Cinsiyet eşitsizliğine bağlı sorunlar varlığını korurken küresel salgının beraberinde getirdiği eve kapanma zarureti aile içi şiddet istatistiklerinin katlanmasına neden oldu. ‘Gelişmiş ülke’ olarak nitelendirdiğimiz ülkelerde dahi durum değişmedi. Duyarlı çevreler lafın çok, verinin kısıtlı olduğu baskıcı ortamlarda rakamların yarattığı utancı yüklenip köklü çözüm arayışlarını sürdürüyor. Kadına karşı işlenen suçlar adına farkındalık yaratmak için güvenilir veri boşluklarının doldurulması gerektiğini düşünen Umut Vakfı, ilk olarak 2015’te basında çıkan olayları günü gününe derleyerek kadın cinayetlerinin haritasını oluşturmuş. 2015’ten 2020’ye uzanan süreçte şiddet olaylarına paralel olarak kadın cinayetlerinde de artış devam etmiş. ‘2020 Kadın Cinayetleri’ raporundaki ürpertici gerçeklerden bir kısmı şöyle; toplam 527 kadın cinayeti işlenmiş. Bunların 248’i ateşli silahlar ile 155’i boğulma, yakılma, yüksekten atılma ve darp neticesinde gerçekleşmiş. Kesici aletler 124 kadının hayatını sonlandırmış. Asıl yaralayıcı olan ise bu suçların çoğunun çocukların gözleri önünde işlenmiş olduğu gerçeği.

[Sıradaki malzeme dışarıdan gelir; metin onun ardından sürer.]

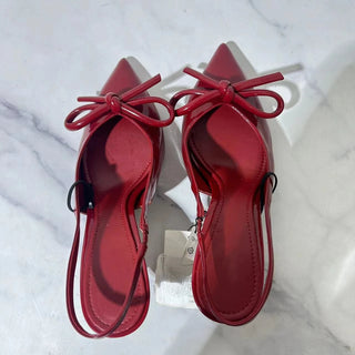 Design: Chic pointed-toe mules featuring a sleek, solid-color finish, an elegant butterfly-knot detail, and an open side vamp for a breathable yet sophisticated touch.
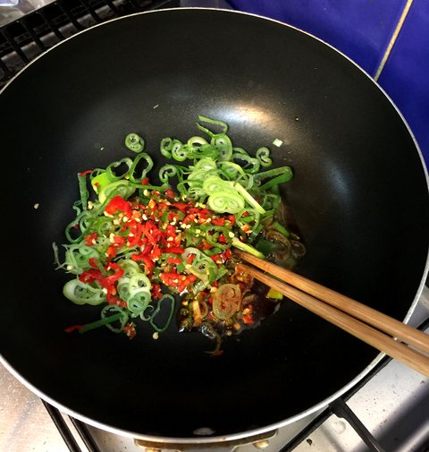 고추기름을 두르고 대파를 넣고 볶아서 향을 내줍니다. 고추기름이 없으면 식용유에

Bir kadın ölürken acımasızlığa şahit olan çocuklar da bir şekilde ölüyor. Bu da Nelly Sachs’ın “Çocukların öldüğü yerlerde taş ve yıldız ve bir sürü düş vatansız kalır” sözünü aklıma getiriyor. Şahit oldukları ölümler nedeniyle vatansız kalan evlatlarının sayısı gün geçtikçe artan ülkemizde Marmara Bölgesi şiddet haritasında birinciliğini koruyor. İç Anadolu, Ege ve Akdeniz, Marmara’ya yetişebilmek için yarışıyor. Raporda 2020’de kadın cinayeti işlenmeyen bölgeler ayrıca belirtilmiş. Bu iller: Ardahan, Artvin, Bitlis, Bolu, Erzincan, Gümüşhane, Kırklareli, Siirt, Şırnak, Tunceli ve Yalova. Verilerin tümü uzmanlarca üzerine düşünüp yorumlamayı ve halka anlaşılır biçimde aktarmayı gerektiriyor.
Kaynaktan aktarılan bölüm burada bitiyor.